Geschafft! Alles auf dem Teller anrichten und evtl. mit Bio-Orangen-Schnitzen dekorieren.

Da dieses Essen Veganer und Nichtveganer begeistern wird, stellt Euch schon mal darauf ein, daß Ihr ab sofort jedes Weihnachten mit dem Kochen an der Reihe seid.
Wir wünschen Euch ein leckeres Weihnachtsfest!
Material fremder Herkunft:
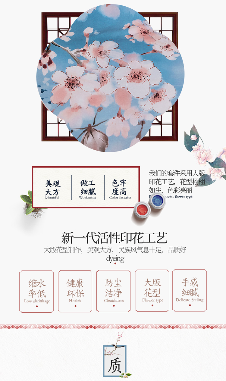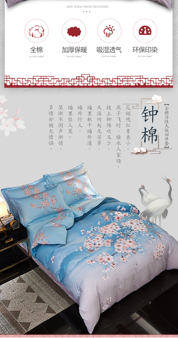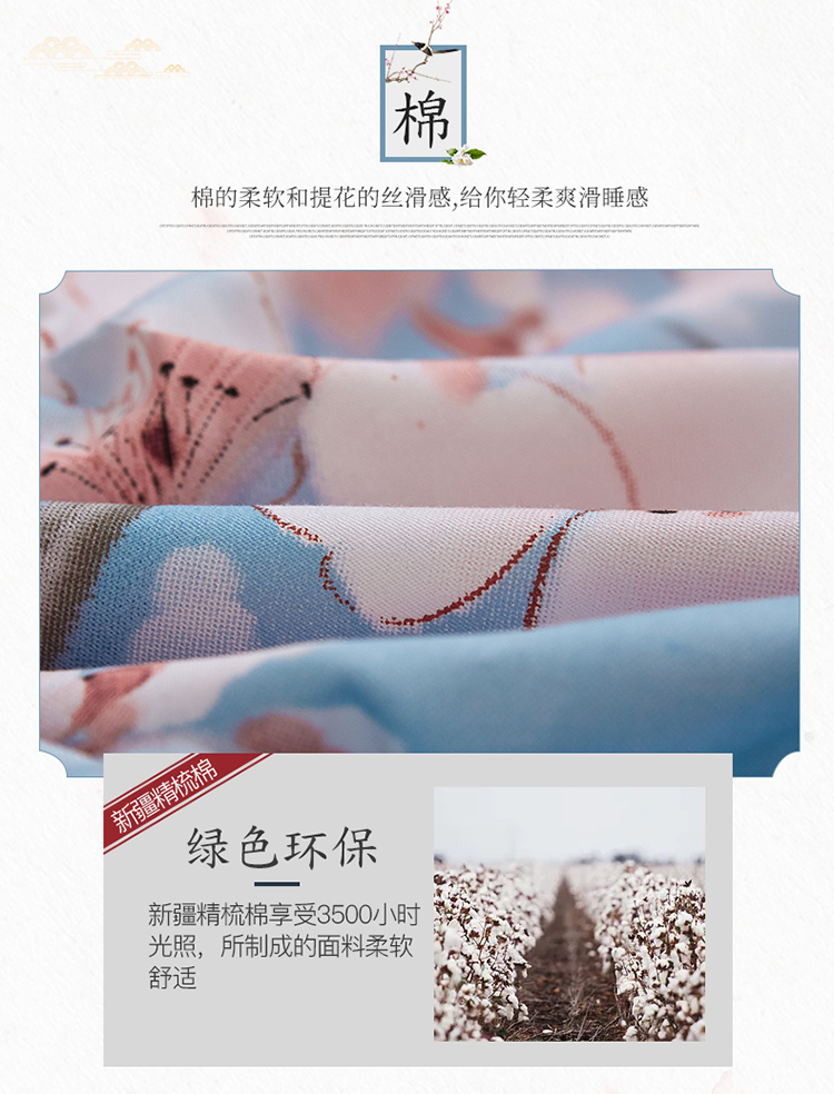 商品名称:雲归梦家纺 2019新款13372全棉活性大版四件套 江南春

Hohoho!

Kommentare

  1. zozo meint

    Ein Wahnsins Leckeres klingendes Rezept!!!!!!!!!!!!!!!!!
    Ich freue mich schon darauf das mal nach zu kochen!!
    Die Pilze und die Yubastangen habe ich mir schon mal geholt und einzeln zubereitet, voll der knaller!!!!!
    Die sind nun auch bei meinem Speißeplan nicht mehr weg zu denken
    Danke für diese Entdeckung!!!!!!!
    Und super Artickel!!!! Ich freue mich schon auf weitere Entdeckungen von dir!!!!

    MfG: zozo

  2. Elli meint

    Sieht alles seeeeeehr lecker aus!
    Die Knödel habe ich schon 2x gemacht. Das letzte Mal erst gestern als meine Eltern zu Besuch waren.
    Die sind echt der Hit! 😀
    Wenn ich die Pilze und das Yuba irgendwann irgendwo mal kriege, werde ich die auch mal machen!